# Exercise instructions
Report every line in the listing below where the string "zámek" shows up.

# Source material

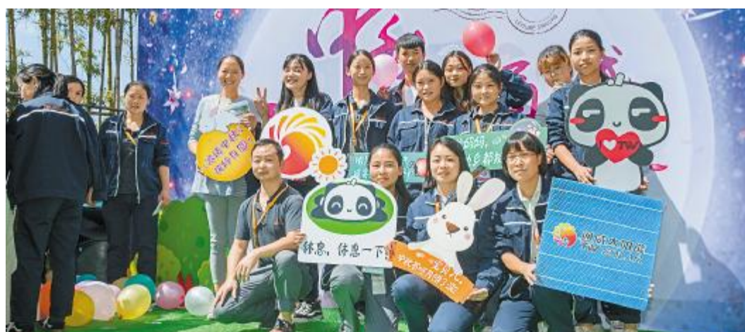
员工们在活动现场合影留念
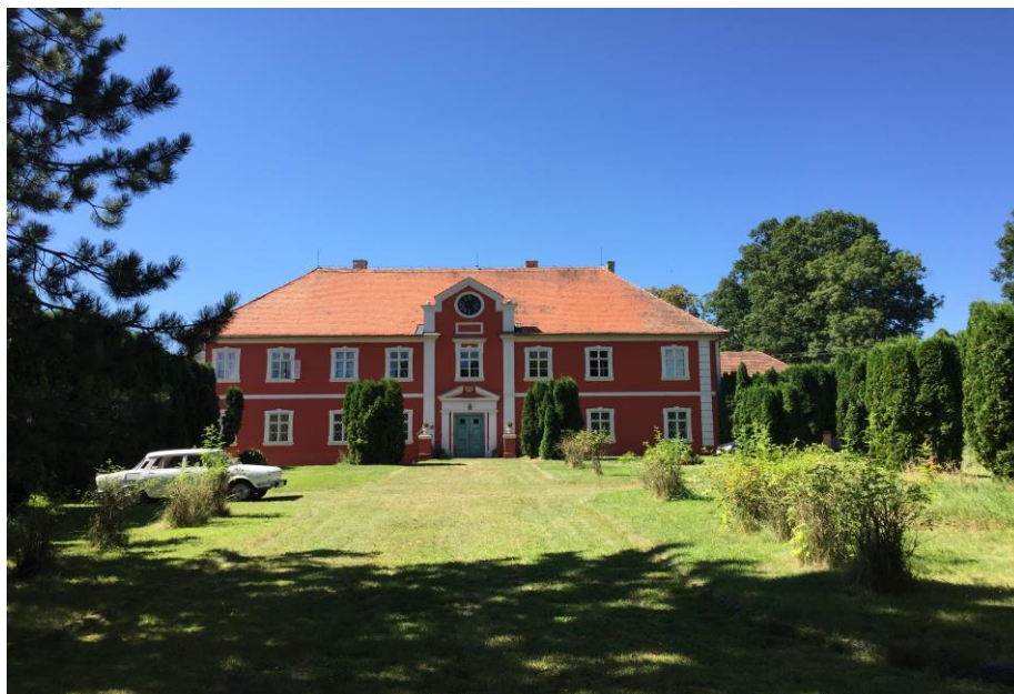
Hoštický zámek v novém kabátu

jsou vzrostlé, přibylo mnohem více aut na náměstíčku, pouze jediný obchod se suvenýry široko - daleko), ale ihned jsem poznal, že jsem na místě, kde se psala česká filmová historie. Musím ovšem uznat, že ve filmech vypadá náves podstatně větší. Sympatické na Hošticích je, že pokud dorazíte na hlavní malé náměstí, ocitáte se přímo v centru veškerých filmových událostí. V okruhu 150 metrů můžete najít zámek, hřbitov s kostelem, starostův dům s jelenem, domky Škopků a Konopníků atd.
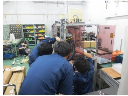
インターンシップの様子

# Written reply
Hoštický zámek v novém kabátu
jsou vzrostlé, přibylo mnohem více aut na náměstíčku, pouze jediný obchod se suvenýry široko - daleko), ale ihned jsem poznal, že jsem na místě, kde se psala česká filmová historie. Musím ovšem uznat, že ve filmech vypadá náves podstatně větší. Sympatické na Hošticích je, že pokud dorazíte na hlavní malé náměstí, ocitáte se přímo v centru veškerých filmových událostí. V okruhu 150 metrů můžete najít zámek, hřbitov s kostelem, starostův dům s jelenem, domky Škopků a Konopníků atd.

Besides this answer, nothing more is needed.